The main transistor T3, the auxiliary transistor T4 and the low pass filter 30 can in turn be in a common system 40 ' , for example on a circuit chip.

The present invention is suitable in principle for all RF transistors with semi-automatic operating point setting, for example single-gate FETs, multi-gate FETs or bipolar transistors. In multi-gate FETs which have more than two gates, a plurality of gates are typically connected together and / or one or more gates are set to a constant potential in each case. It is also clear to those skilled in the art that in the exemplary embodiments described above, drain connection and source connection can be interchanged, so that in the case of the embodiment shown in FIG 1 Example shown, for example, the drain terminal of the auxiliary transistor is connected to the source terminal of the main transistor, while the source terminal thereof is coupled in the same signal to the gate terminal of the main transistor.

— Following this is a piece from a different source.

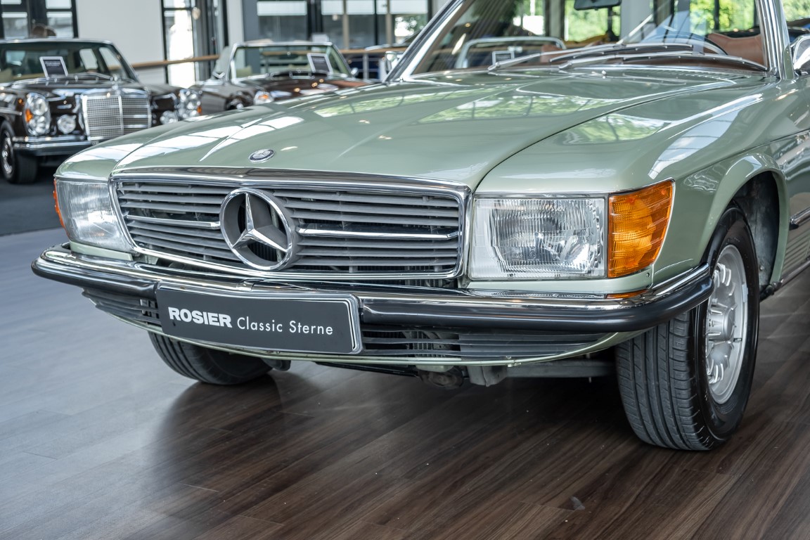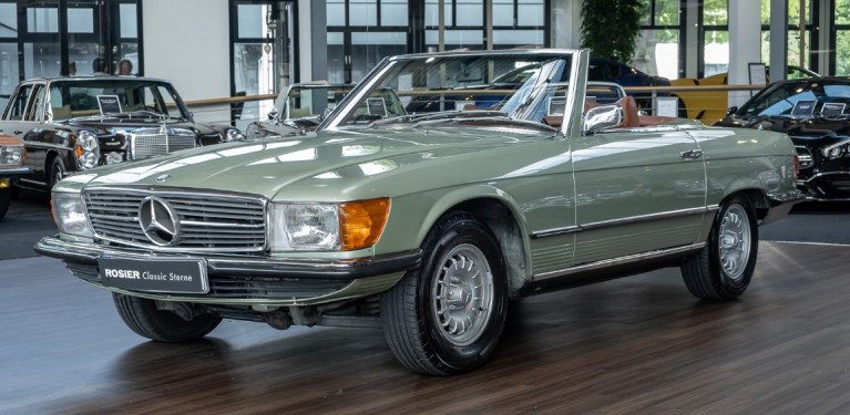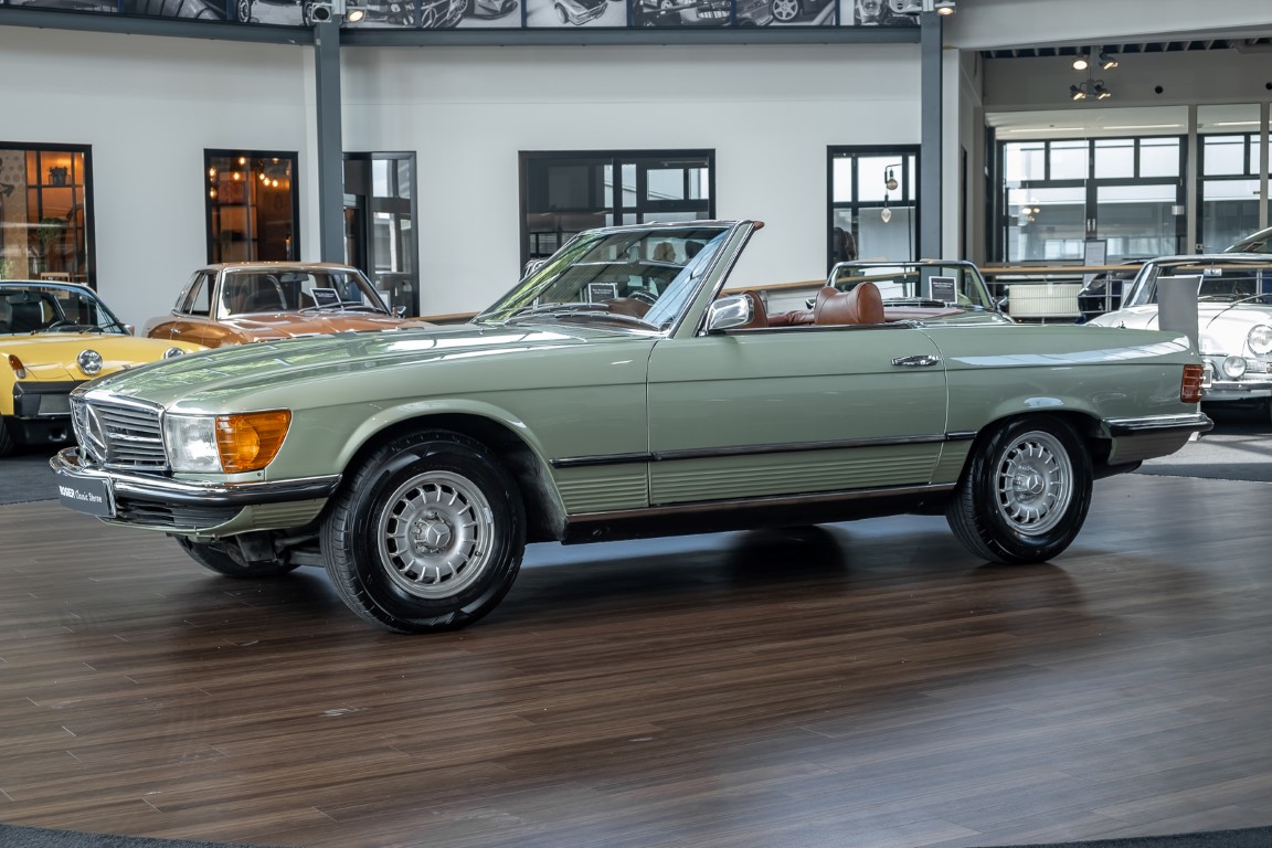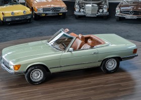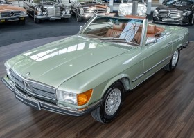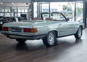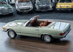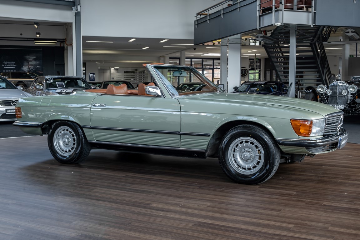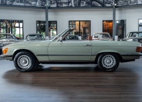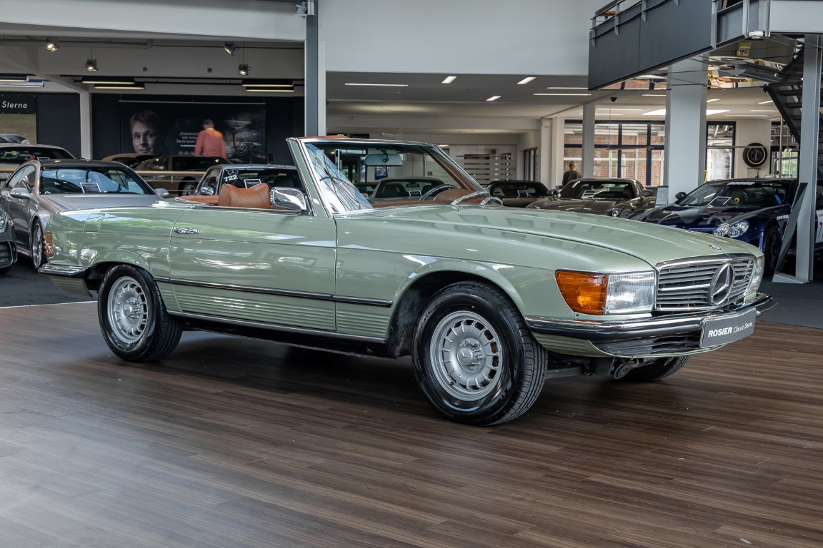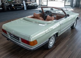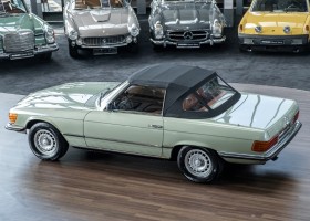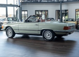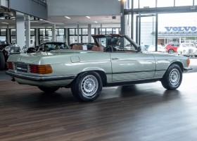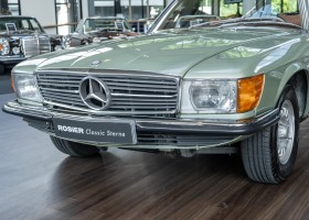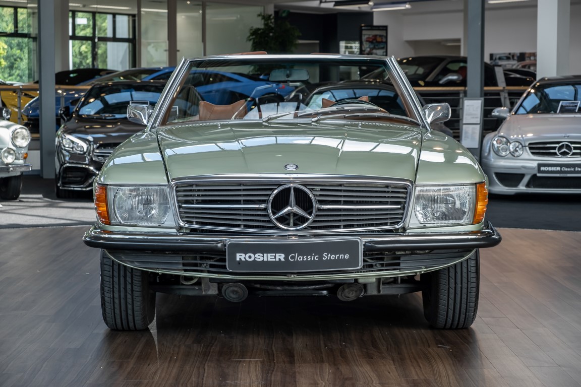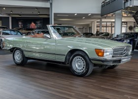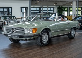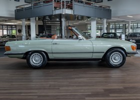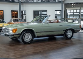 This much sought-after roadster in matching silver-green metallic from 1975 is presented in an honest, used but well-kept condition. The owner of the vehicle had the vehicle reworked in our manufactory under a not inconsiderable financial investment and was brought into a good 3-series condition. The vehicle starts, drives and brakes as it should and gives its driver and co-driver a lot of pleasure in every situation. As a Dailydriver this SL, the much sought-after 107 series, will continue to give much pleasure. Get in and experience it for yourself. A warm welcome!

Although in the illustrated embodiments the low-pass filter has a resistor and a capacitor, could in alternative embodiments the low-pass filter has a different structure, for example several series resistors or series inductors and / or several parallel capacities. Furthermore, could multi-stage filters are used.

T1

main transistor

T2

auxiliary transistor

10 10 '

circuit chip

Rb

external dropping resistor

Vdd

supply voltage

Ce

Einkoppelkondensator

HFin

RF input signal

12

Auxiliary transistor drain

14

Auxiliary transistor source terminal

16

Auxiliary transistor gate

22

Main transistor drain

24

Main transistor source terminal

26

Main transistor gate

T3

main transistor

T4

auxiliary transistor

G31

Main transistor control gate terminal

G32

second Haupttransitorgateanschluss

G41

Auxiliary transistor control gate terminal

G42

second Auxiliary transistor gate

30

low pass filter

R

resistance

C

capacitor

40 40 '

circuit chip

Claims (7)

High-frequency amplifier with the following features: a main transistor (T1; T3) for amplifying a control connection ( 26 ; G31) the same coupled RF signal (HFin); an auxiliary transistor (T2; T4) for setting the operating point of the main transistor (T1; T3); and one between the control connection ( 26 ; G31) of the main transistor (T1; T3) and a control connection ( 16 ; G41) of the auxiliary transistor (T2; T4) switched low-pass filter ( 30 ). High-frequency amplifier according to Claim 1, in which the low-pass filter ( 30 ) has a series resistance (R) or a series inductance and a parallel capacitance (C). High-frequency amplifier according to Claim 1 or 2, in which the main transistor (T1; T3) and the auxiliary transistor (T2; T4) are field-effect transistors and the respective control connections ( 16 . 26 ; G31, G41) are gate connections of the field effect transistors. High-frequency amplifier according to Claim 3, in which a source / drain connection ( 12 ) of the auxiliary transistor (T2; T4) with the same signal as the gate connection ( 26 ; G31) of the main transistor (T1; T3) is coupled and the other source / drain connection ( 14 ) of the auxiliary transistor (T2; T4) with a source / drain connection ( 24 ) of the main transistor (T1; T3) is coupled in the same signal. RF amplifier according to claim 3 or 4, in which the field effect transistors multi-gate field effect transistors (T3, T4), the control connections (G31, G41) control gate connections of the Multi-gate field effect transistors are. High-frequency amplifier according to one of Claims 3 to 5, in which the low-pass filter ( 30 ) has a parallel capacitance (C) which is between the gate connection ( 16 ; G41) of the auxiliary transistor and a source / drain connection of the same. High-frequency amplifier according to one of Claims 1 to 6, furthermore a device (Rb, Vdd) for applying a DC signal potential to the control connection ( 26 ; G31) of the main transistor (T1; T3).